_DESCRIPTION OF THE TASK_
Identify the line with "Behoefte = het"; copy word for word that line and every one after it, to the end of the listing. Exclude pictures.

_GIVEN MATERIAL_
>>>>>

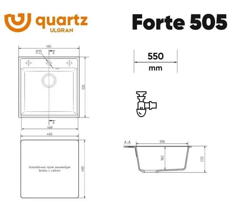 Кухонная мойка Ulgran Quartz Forte 505-05, бетон Артикул: Forte 505-05
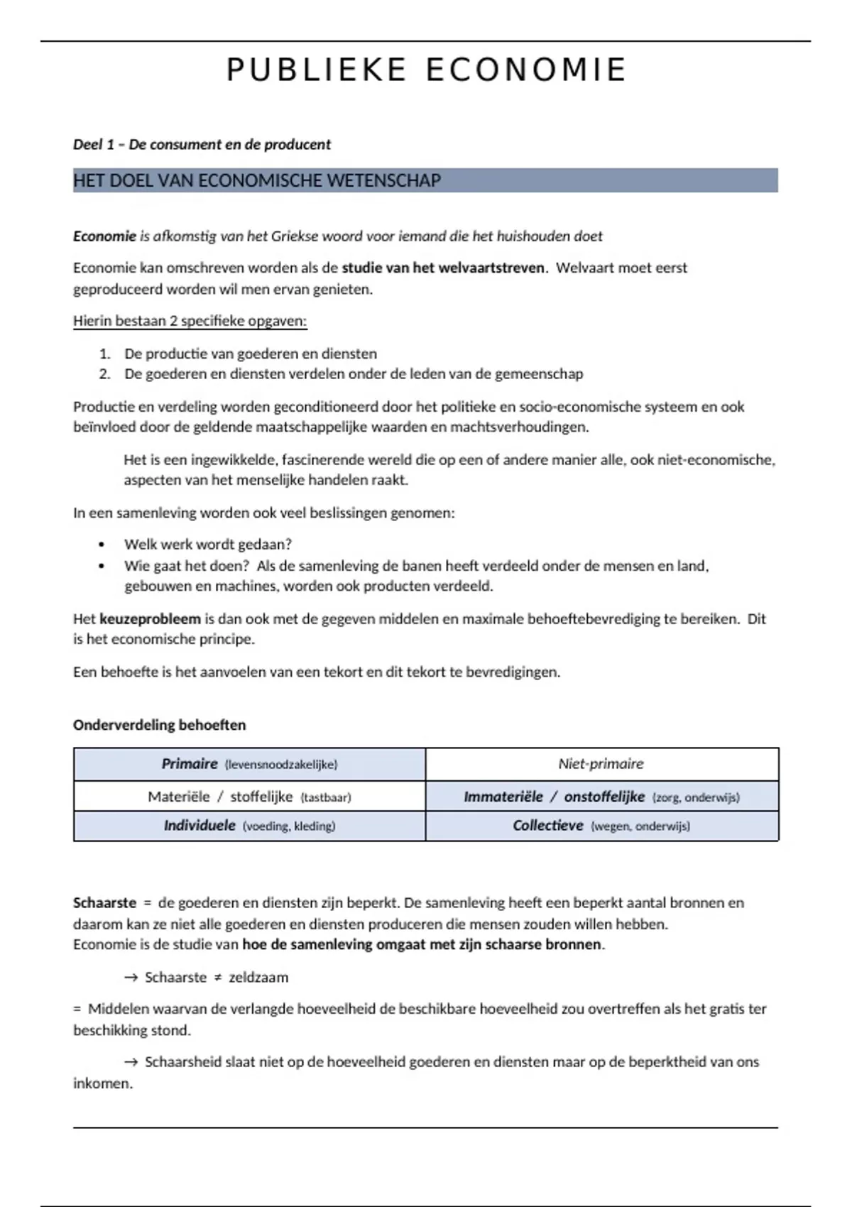 Behoefte = het menselijk verlangen waaraan voldaan wordt door de beschikking over schaarse goederen en
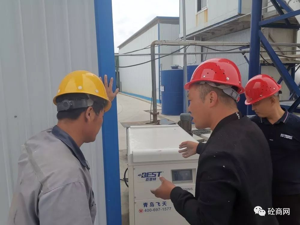 到了青島某攪拌站后,其攪拌站負(fù)責(zé)人攜站長親自到現(xiàn)場觀看試機(jī)效果。
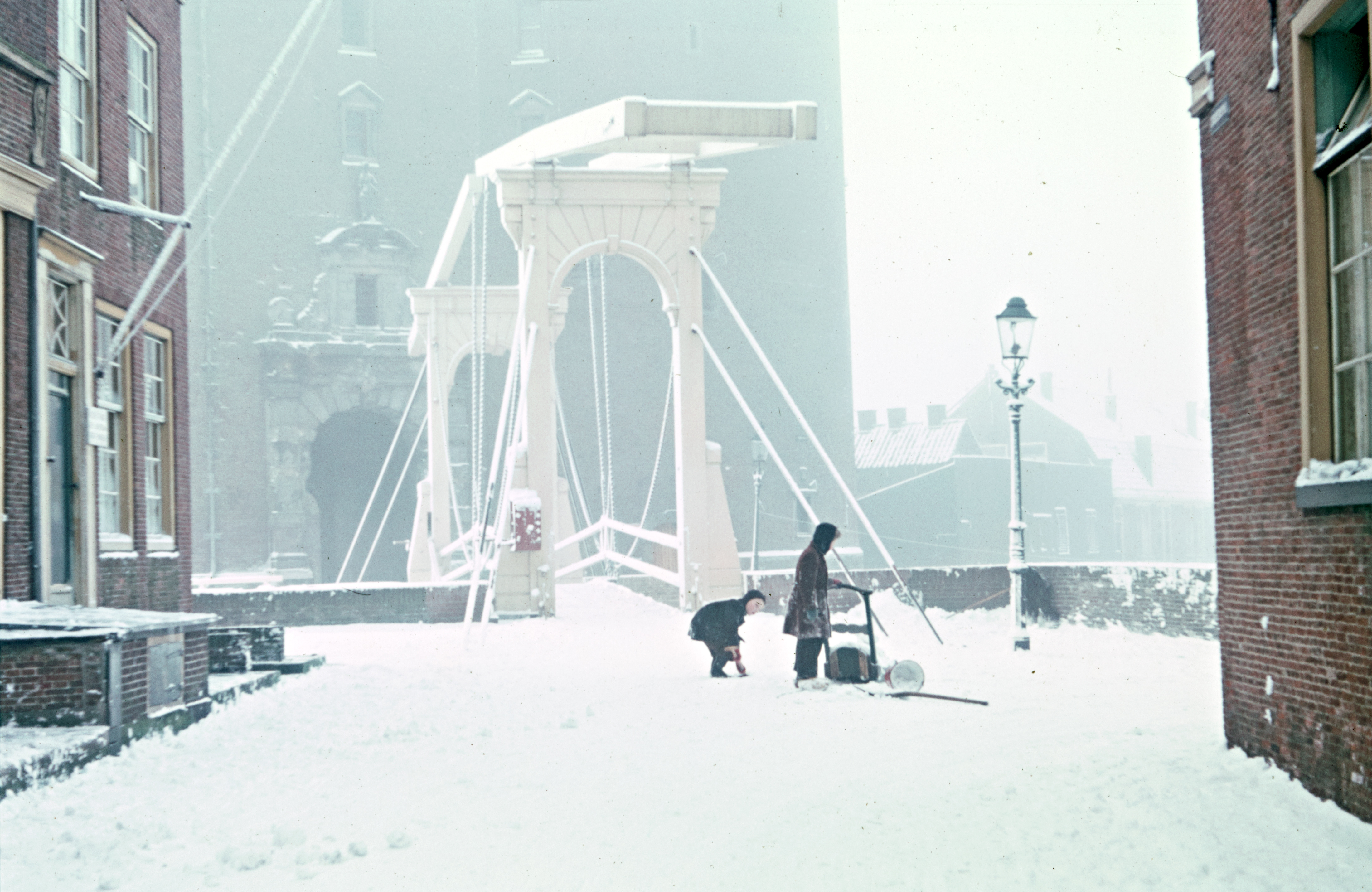 Wintergezicht van het Peperhuis en de Compagniebrug

<<<<<

_SOLUTION_
 Behoefte = het menselijk verlangen waaraan voldaan wordt door de beschikking over schaarse goederen en
 到了青島某攪拌站后,其攪拌站負(fù)責(zé)人攜站長親自到現(xiàn)場觀看試機(jī)效果。
 Wintergezicht van het Peperhuis en de Compagniebrug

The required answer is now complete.